Quelqu'un vous demande un service. Avant même d'avoir réfléchi, vous vous entendez répondre : « bien sûr, pas de problème ! » Sur le chemin du retour, une autre voix grommelle : « pourquoi tu as encore dit oui ? » Voici celle qui veut plaire.
Celle qui veut plaire lit les désirs des autres avant qu'ils soient exprimés. Elle arrondit, adoucit, anticipe. Elle se souvient des anniversaires, sent les tensions, trouve les mots qui apaisent. C'est grâce à elle que vous êtes apprécié, bienvenu, rarement en conflit. C'est une des voix primaires les plus répandues — et une des plus coûteuses.
Chaque oui automatique enterre une réponse véritable. Au fil des années, les autres ne savent plus qui vous êtes — et vous non plus, tout à fait. Derrière celle qui veut plaire se cache ce qu'elle protège : la peur du rejet, du conflit, de ne plus être aimé. Et dans l'ombre attend une voix reniée : celle qui sait dire non, qui sait ce que vous voulez. Quand elle finit par émerger, elle explose parfois — colère, départ brutal — parce qu'elle a trop attendu.
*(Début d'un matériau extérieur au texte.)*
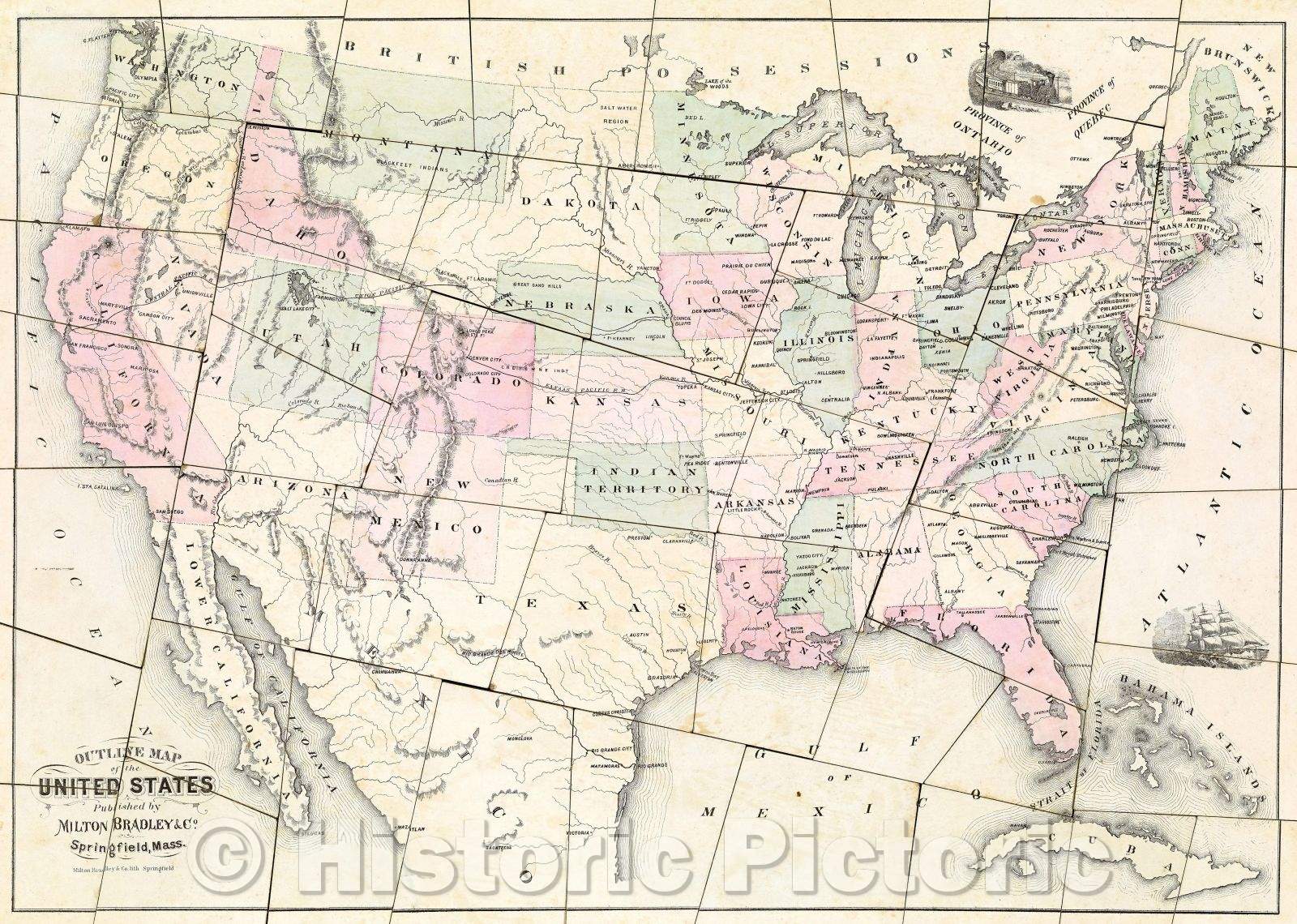 Historic Map : Dissected Outline Map of the United States of America, Vintage Wall Art

En séance, celle qui veut plaire peut enfin dire ce qu'elle fait pour vous — et combien elle est parfois fatiguée. Puis le facilitateur peut inviter la voix opposée : celle qui sait ce que vous voulez. Entendre les deux, depuis deux places différentes, change tout : dire non cesse d'être une trahison et devient une réponse possible. Pas contre les autres — avec vous-même.